> **What to work on**:
Word for word, set down the lines from the one that contains "-Dormitorio 4 (interior, con" through the final line of the data; no pictures belong in the copy.
== Segment start ==
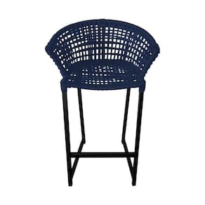 IMAGENS MERAMENTE ILUSTRATIVAS REALIZADO EDIÇÃO, PODENDO HAVER UMA PEQUENA VARIAÇÃO DE COR DEPENDENDO DE CADA TELA OU MONITOR.Banqueta Reis em Corda NÃutica e Base em AlumÃnio Preta para Ãrea Gourmet - Externa Azul Marinho
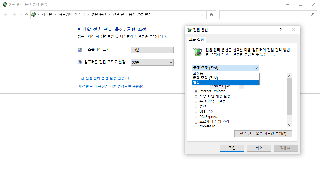 전원 옵션을 설정을 절전으로 바꿔도 변화가 없다면
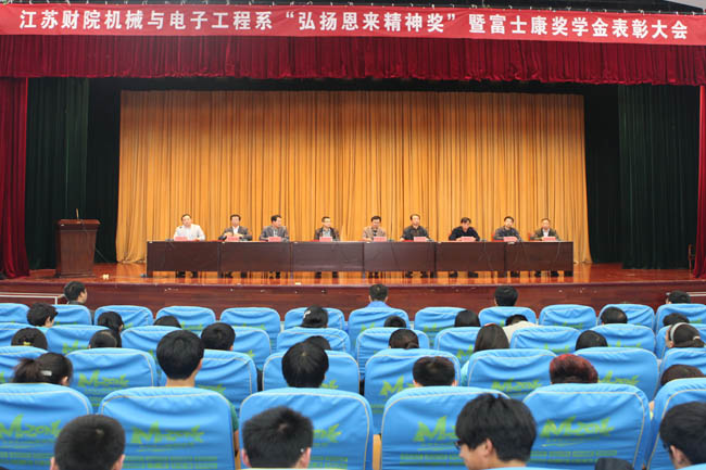 4月23日下午,机械与电子工程系“弘扬恩来精神奖”暨富士康奖学金表彰大会在学院图书馆550人报告厅举行。学院副院长程淮中、校企合作办主任梁从平、系主任唐义锋、富士康集团人力资源部课长陶跃、系副主任徐建高、周忠旺、何振华等出席表彰大会。大会由系党总支书记严纲同志主持。
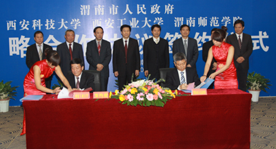 当天,与渭南市政府签约的高校还有西安科技大学、渭南师范学院。
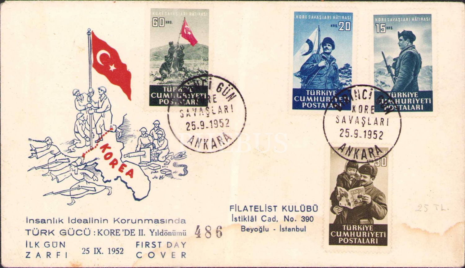 "Birinci Gün, Kore Savaşları, 25.09.1952 - Ankara" mühürlü zarf, 10x17 cm
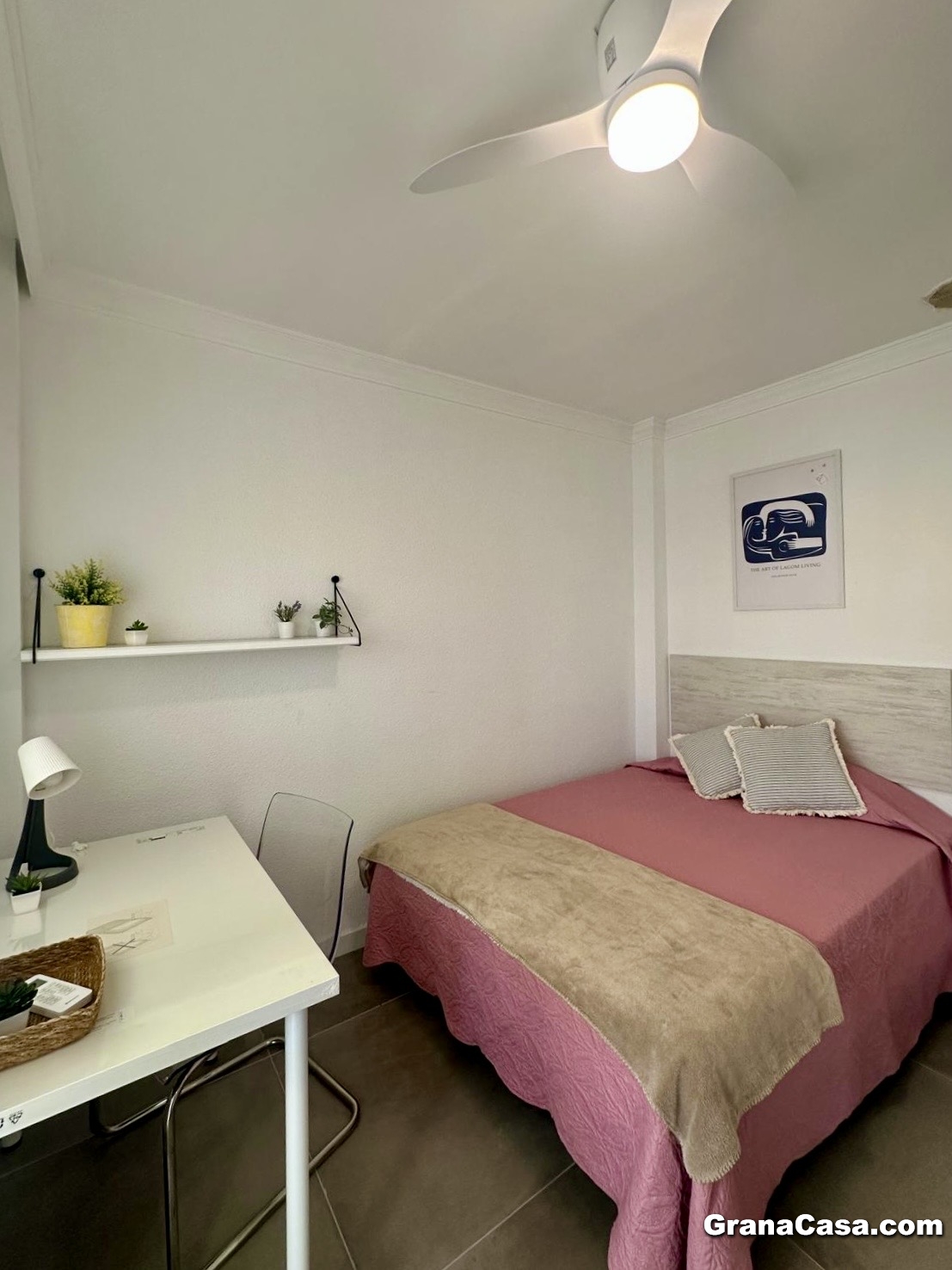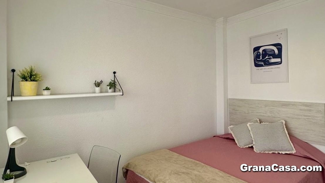 -Dormitorio 4 (interior, con baño 2 y patio, 450 euros): Cama de 135 cm, armario empotrado y escritorio.
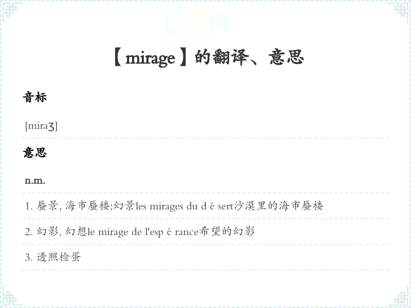 【mirage】是什么意思、字义解释
== Segment end ==
> **Reply**:
 -Dormitorio 4 (interior, con baño 2 y patio, 450 euros): Cama de 135 cm, armario empotrado y escritorio.
 【mirage】是什么意思、字义解释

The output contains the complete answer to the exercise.